I've written before that to address global climate change the critical thing to do is to close the carbon cycle. I was pleased to come across this article over on Daily Kos which addresses new developments that directly relate to what I'm talking about.

I'm particularly interested in the second part of the post, the discussion of Algae fuel. I had come across some information on the general idea some time ago and wondered if some sort of large scale operation using solar power and salt water might be possible. Apparently it is, and is already up to pilot scale project in Arizona.

Basically the idea is that algae photosynthesize, so they take CO2 out of the atmosphere and using sunlight convert it into more algae. The algae can be selected, or via artificial selection can be developed, to be particularly efficient at capturing CO2 and making fats and oils. Then the algae can readily be turned into biodiesel. This is particularly nice because this can all be done here in the US, thus diminishing our dependence on foreign sources and because diesel is somewhat easier on the environment than gasoline in a number of ways. Capturing the exhaust gas from power plants is one possibility, but the article referenced here is just taking the CO2 from the atmosphere.

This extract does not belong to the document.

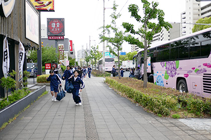 予定より少し早く、さきほどバスが到着しました。あいにくの雨模様でしたが、元気に帰ってきました。
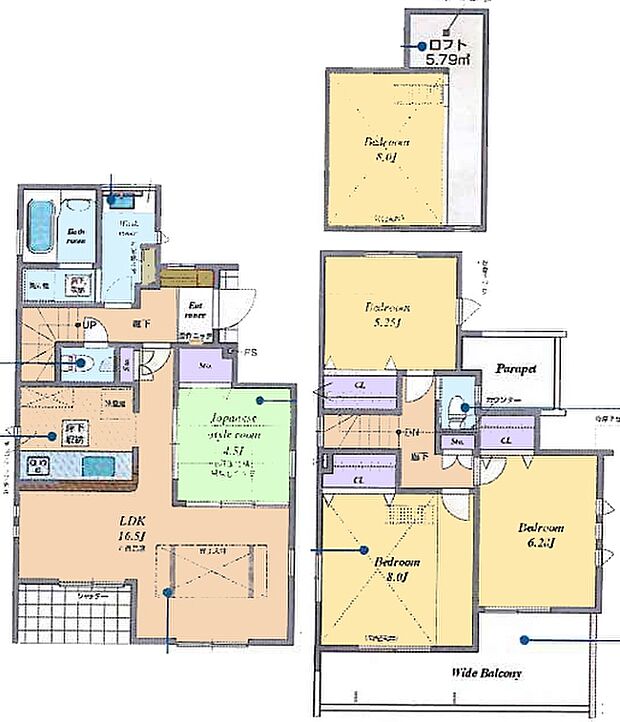 | 間取り | 4LDK 間取り内訳:リビングダイニングキッチン 16帖・和室 4.5畳・洋室 4.9帖・洋室 5.2帖・洋室 7帖 |

Needless to say this can have a powerful effect on global warming issues. In particular, from my point of view, with this technology, closing the carbon cycle is a definite possibility. Finally, the process as described here has no extra environmental stresses. Some input energy is needed, as all power generation processes must, but that input energy can be solar so no additional carbon emissions are needed. Salt water can be used so the plants to generate these fuels need not add to the demands for potable water. In short it has the promise of being a very clean system.